Are you busy tying up some icefishing jigs ?

I wished OGF had a jig/fly tiers forum like crappie . com but I venture to say there is not enough interest.


----------



## AtticaFish (Nov 23, 2008)

I worked out a deal with jiggin joe on c.c to make me up some kip tail ice jigs.  Sounds like he is the master as far as those go. Did get a bunch of 1/80 & 1/100 jigs to paint up and use just with waxies, but will probably put hackle collars on some...


----------



## papaperch (Apr 12, 2004)

Most of my winter jigs ready also. Going to try some European style jigs. That is micros jigs with real thin slices of plastic. Will tie a few more up with hair and feathers just for something to do.

Got any decent hardwater perch spots in your neck of the woods ? If so pm me maybe we can get together on ice this winter. We can swap lies and patterns.


----------



## AtticaFish (Nov 23, 2008)

Well, I have 1 spot over here that people keep _telling _me is good, but I haven't had a good day thru the ice on it yet! lol Will for sure keep you in mind and let me know as well when you find them over your way.


----------



## viper1 (Apr 13, 2004)

This is a little earlysince I havn't tied any yet. BUT.... I am going to try. Just bought the tools some jigs and some squirel tail. Want to make some simaler to the mini foo we use on steel head. These days I spend what time I am not fishing indoors and need a hobbie. Have a lot of limits as to walking and standing but I'm able to set on the shore or in a boat so I fish erie 3-7 days a week. Been sucking up as much info as I can on tying. This site has as always proved to have lots of info. Also tie my own perch rigs and steel head rigs. (drop leaders) So just a big thank you for all the help.


----------



## papaperch (Apr 12, 2004)

Viper1 - I live not too far from you. If you need any help getting started or just would like to gab about tying. Another site named crappie. com has a whole forum dedicated to jig tying. Lots of good tiers and they are all helpful.

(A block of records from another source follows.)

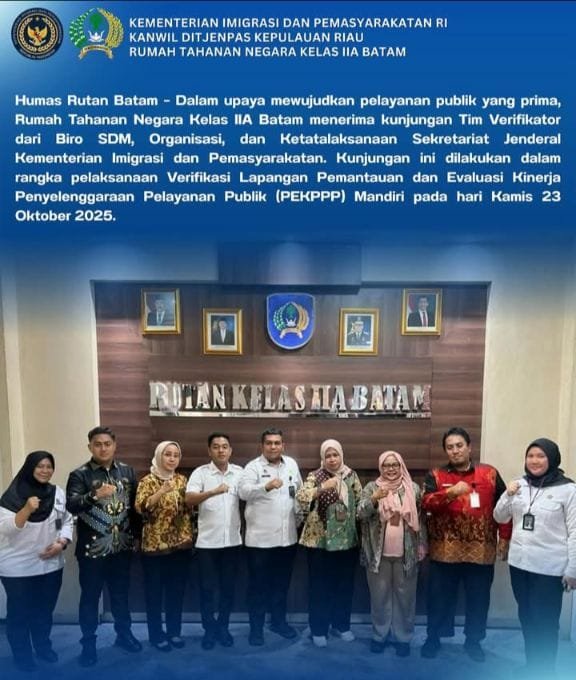 Dalam upaya mewujudkan pelayanan publik yang prima dan berintegritas, Rumah Tahanan Negara (Rutan) Kelas IIA Batam menerima kunjungan Tim Verifikator dari Biro SDM, Organisasi, dan Ketatalaksanaan Sekretariat Jenderal Kementerian Hukum dan HAM (Kemenkumham).
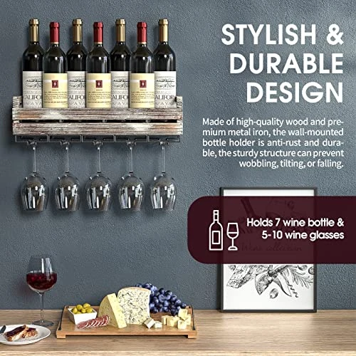- [STYLISH & DURABLE DESIGN] – Made of high-quality wood and premium metal iron, the wall-mounted bottle holder is anti-rust and durable, the sturdy structure can prevent wobbling, tilting, or falling.
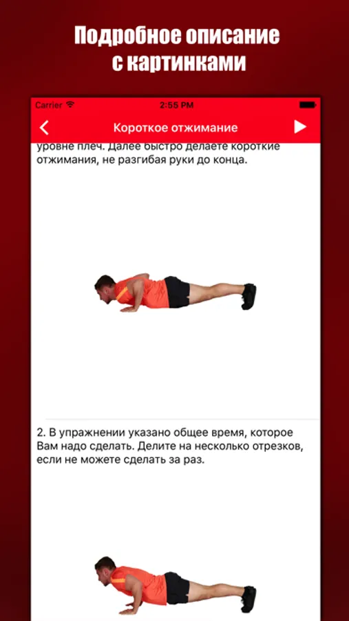 • Подробное пошаговое описание к каждому упражнению с картинками
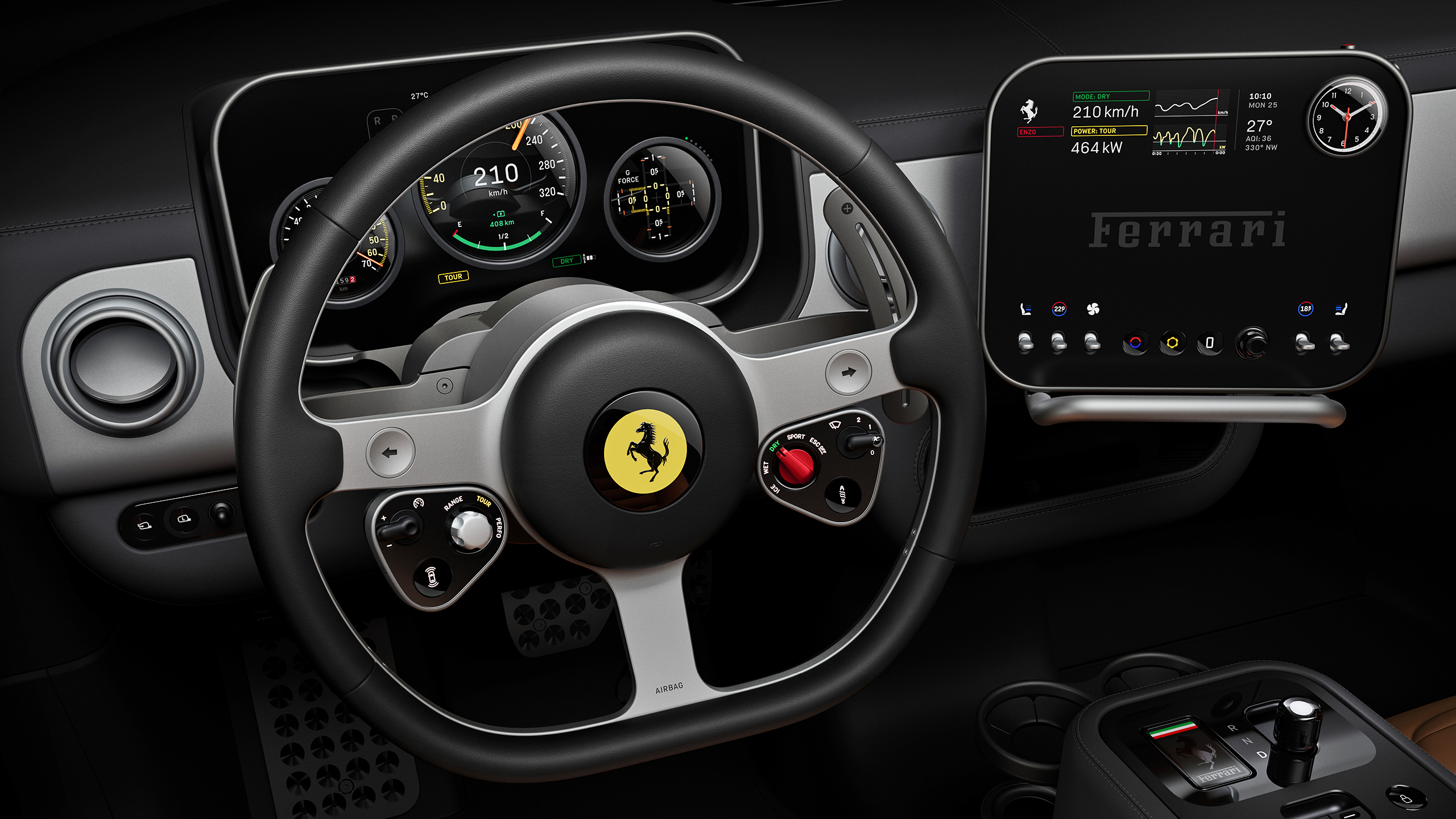 Two large column-mounted paddle shifters sit directly behind it, which will be used to change the Luce’s Torque Shift Engagement system. Ferrari really doesn’t want to call it fake shifts, instead focusing on how grabbing a paddle will change the car’s entire torque curve, but functionally, it’s going to be fake shifting.
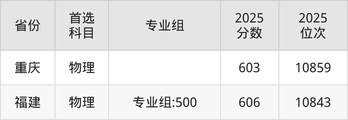 物理类最低分对应地区为重庆,录取位次为10859,超本科线178分;最高分对应地区为福建(专业组:500),录取位次为10843,超本科线165分。
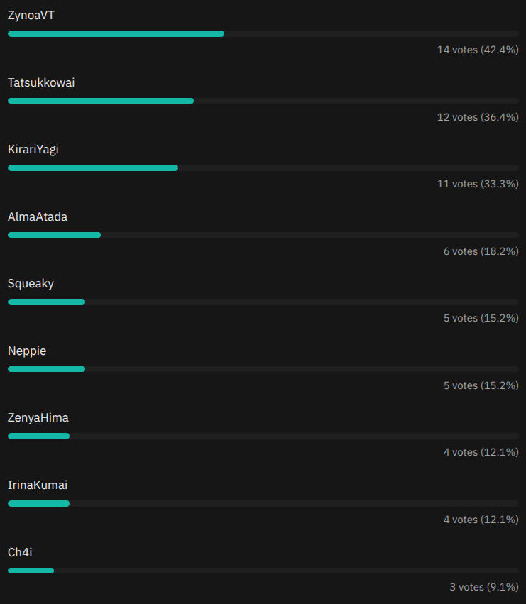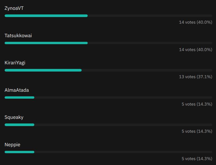 NTA, but Noa was obviously leading with a lot of support in the thread. No one was really talking about Tatsu except herself, she was even behind Yagi, and then out of nowhere she gets a spike in votes and catches up to Noa after pollfag tried to rig it? 4 to 14?There are way too many people here who got kicked out of Noa community and now carry a grudge. What’s even the goal of this thread? I agree that any PNG vtuber should move elsewhere.
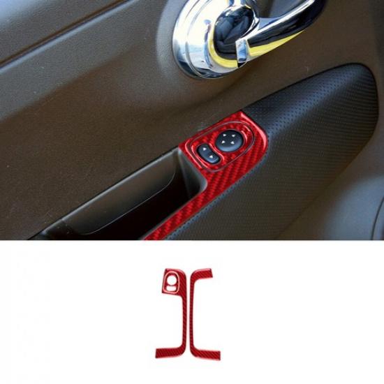 Red Carbon Fiber Door Switch Frame Cover Sticker For Fiat 500 2012 2013 2014 15
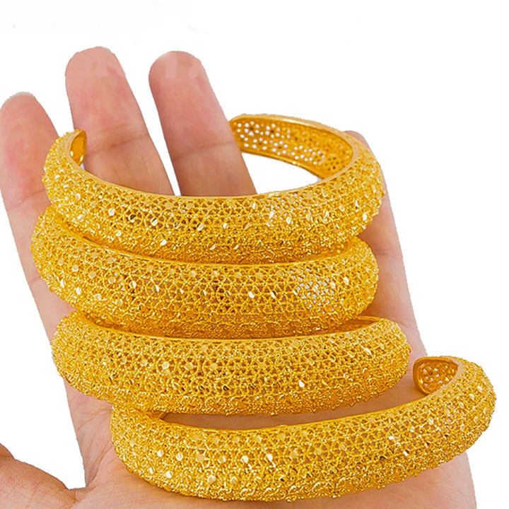 Saudi Arabia Jewelry Dubai Bangles for Women 4pcs/Lot Indian Gold Plated Bracelets Ethiopian Wedding Bridal Jewellery Gifts
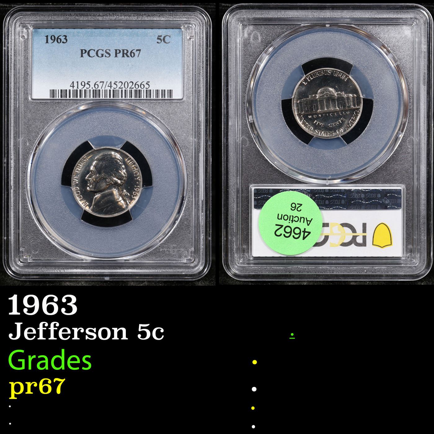 PCGS 1963 Jefferson Nickel 5c Graded pr67 By PCGS.

When I started this thread I was hoping we could get a similar forum on here. But there appears to be limited interest in jig tying on this site.


----------



## viper1 (Apr 13, 2004)

Thanks pa pa perch I'm sure i'll need help. I'm getting real excited now my kit come in today. I ordered a kit with a vise and other tools to get started. Fiqured I could by better vise and things later if I find it is something I want to continue. Everything isnt here yet but I'm already keyed up. Ordered thread,squirrel tail,some already made painted jigs,fly case to put them in. Want to start with the mini foo jig we use for steel heads. It didn't look that complicated but well see.


----------



## walleyejigger (Sep 29, 2009)

i have molds to make jigs from 1/80 on up if you guys need jigs made let me know .i can do them painted or unpainted just let me know . happy tying and fishing . i also make a few jigs for panfish


----------



## Nightprowler (Apr 21, 2004)

pm me a price per 100 of the 1/80 and 1/64
thanks


walleyejigger said:


> i have molds to make jigs from 1/80 on up if you guys need jigs made let me know .i can do them painted or unpainted just let me know . happy tying and fishing . i also make a few jigs for panfish


----------